Redox reactions occur every day in the world around us. They may be subtle, such as a common breathalyzer test, or have catastrophic consequences such as the burning down of a building. They may be spontaneous (and happen instantly) or non-spontaneous (and happen over a long period of time). Whatever the form, redox reactions are some of the most important chemical reactions in our known world.

The word redox is a portmanteau of the words reduction and oxidation. These are two half reactions, each involving the gain or loss of electrons from a single entity.

Although counter-intuitive, a reduction reaction involves one entity gaining electrons to acquire a more negative charge. For example, 2 moles of Chlorine ions (2Cl-) can be reduced to Chlorine Gas (Cl2) by adding 2 electrons (2e-). The reason for the apparent misnomer of reduction is because in ancient times, chemists noticed a decrease in mass of the substance that was reduced, and thus termed the half-reaction as according to how the mass changed.

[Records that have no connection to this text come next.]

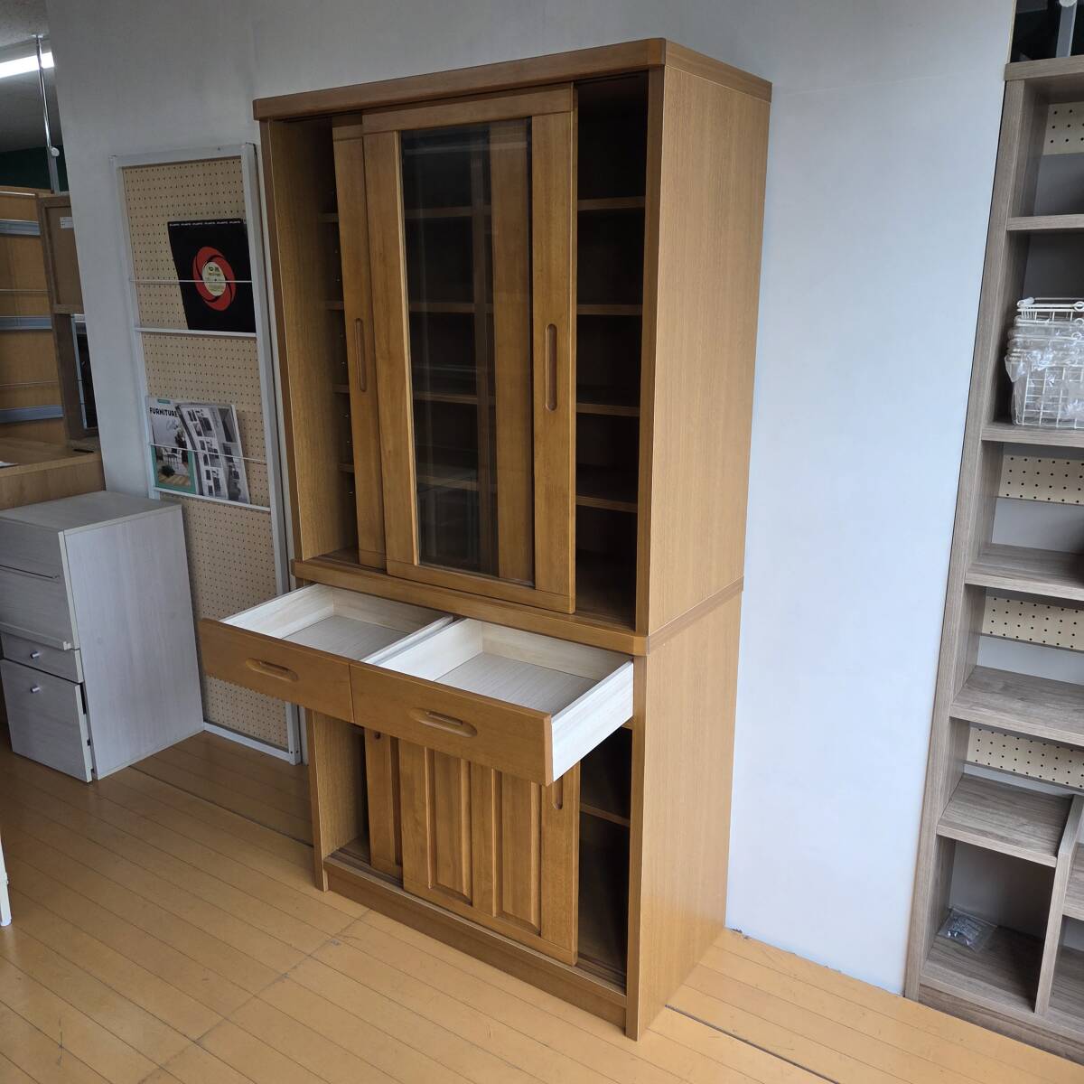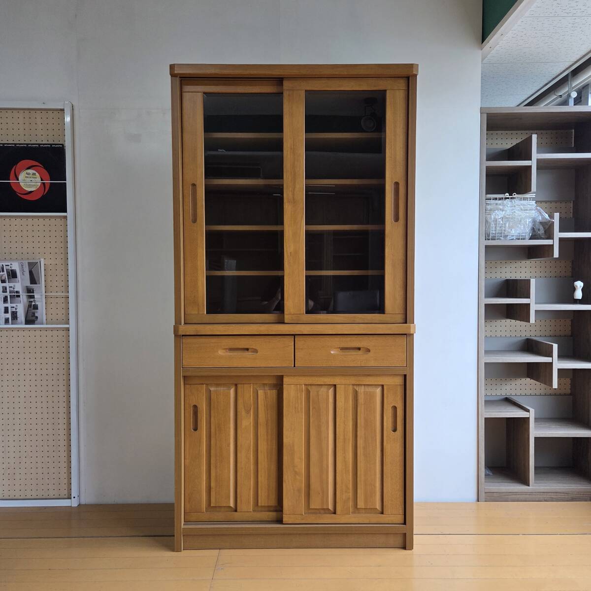 未使用 美品 サンプル品 食器棚 幅90.5 大量収納 引戸 引き出し ナチュラル ヴィンテージ 高さ180.5 キッチンボード スリム ガラス
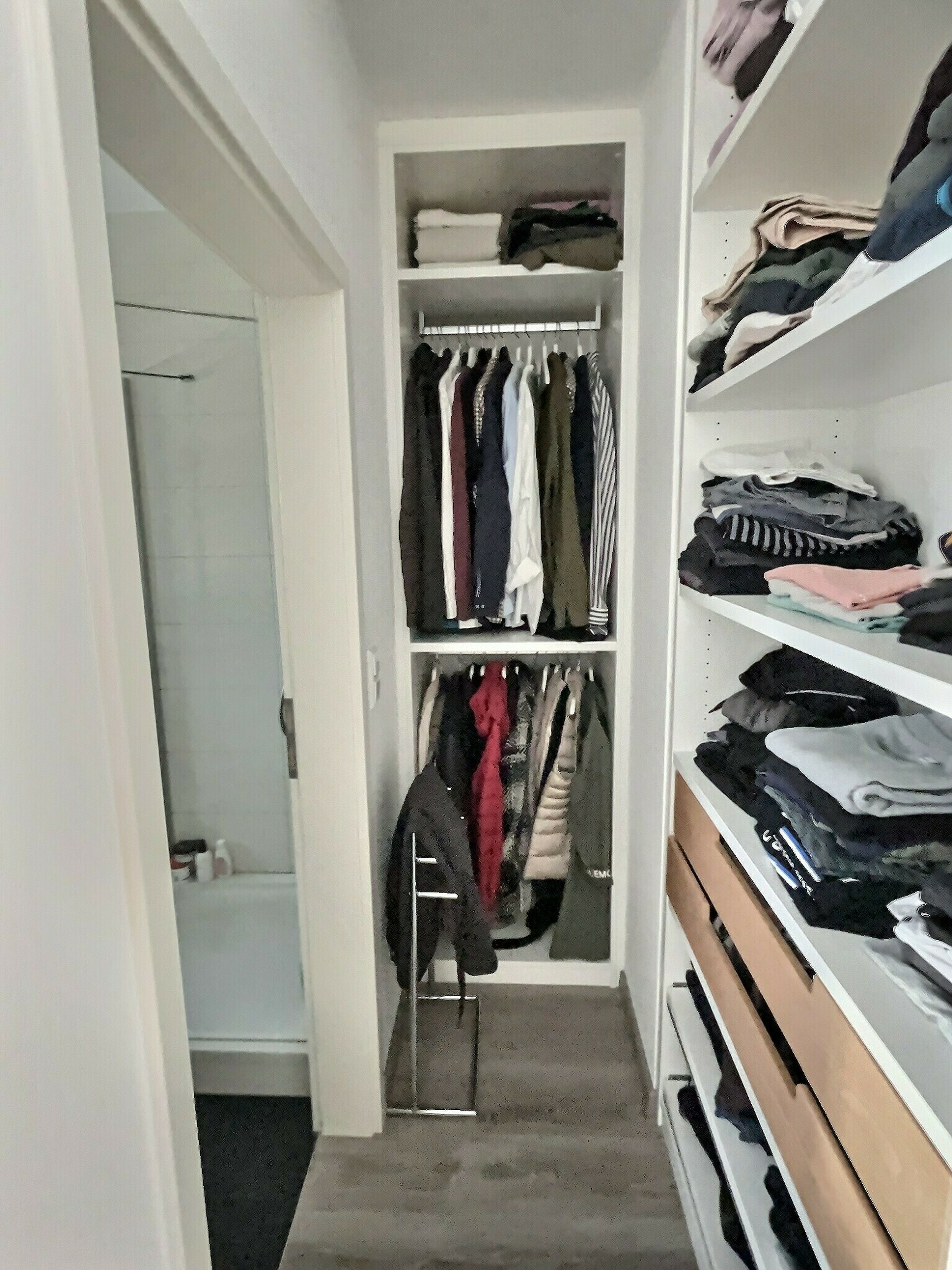 - L'entrée qui se fait par un hall-couloir (+/-5,50m2) desservant l'ensemble des pièces de l'appartement
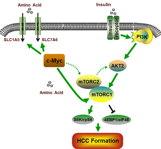 星空online(中国)网4月6日电 近日,星空体育药学院陈立功课题组及其合作者在《肝脏病学》(Hepatology)上发表题为《功能性mTOR信号对于原癌基因c-Myc驱动的肝癌发生的必要条件》( “A functional mTORC1 signaling is indispensable for c-Myc driven hepatocarcinogenesis”)的文章,阐述了氨基酸转运蛋白在肝癌发生过程受原癌基因c-Myc调控进而激活mTORC1信号通路诱导肝癌形成的机理。
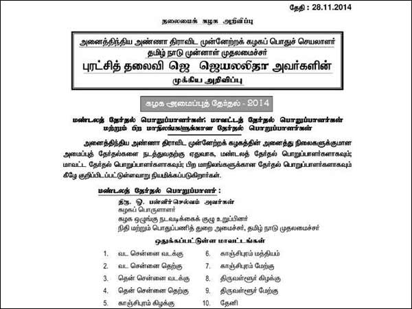 அ.தி.மு.க. அமைப்புகளுக்கான தேர்தல் வருகின்ற டிசம்பர் 11 ஆம் தேதி முதல் அடுத்த ஆண்டு ஏப்ரல் 25 ஆம் தேதி வரை 14 கட்டங்களாக நடைபெற உள்ளது. எனவே அமைப்புத் தேர்தலுக்கான பொறுப்பாளர்களை அக்கட்சியின் பொதுச்செயலாளர் ஜெயலலிதா தற்போது அறிவித்துள்ளார்.
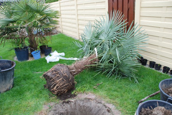 Plantgat waar al redelijk veel wortels aanwezig waren van de vorige bewoner (Trachycarpus) :)
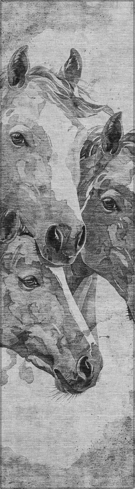 With three horse heads rendered in a distressed pattern, this rug brings a touch of transitional elegance to any interior. The intricate, aged design of the horses enhances the rug's visual appeal, fitting seamlessly with contemporary styles. Its durable construction and low-maintenance qualities ensure lasting beauty and practicality.

Again, while counterintuitive, the half-reaction of oxidation does not, in fact, demand that oxygen be added to a substance. Looking back at historical chemistry, we see that the most common occurrence of this phenomenon was when oxygen (O2) was added to a metal such as Iron (Fe) to create rust, or what we now know to be iron (II) oxide (FeO). Little did the ancient chemists know that the oxygen was actually losing some of its electrons when it formed an ionic bond with the iron. Modern chemists have now defined oxidation as any half reaction that involves the loss of electrons by an entity.

When writing half-reactions, it is common to deal with only a single entity, such as the Chlorine ions or Oxygen gas in the above examples. These can be written out like a normal chemical equation, except with a number of electrons as either a reactant or a product. Note that for an oxidation, the electrons will be a product, and for a reduction the electrons will be a reactant.

We can combine the two half-reactions into one full Redox reaction by ensuring that the same number of electrons are lost and gained in each separate half reactant. Simply multiply both equations by a coefficient in order to ascertain the correct quantities. Then, write all the products on one side of the equation, and all the reactants on the other, with all the electrons canceling out.

Redox reactions affect our everyday lives, and the transfer of electrons can have profound implications towards contemporary society.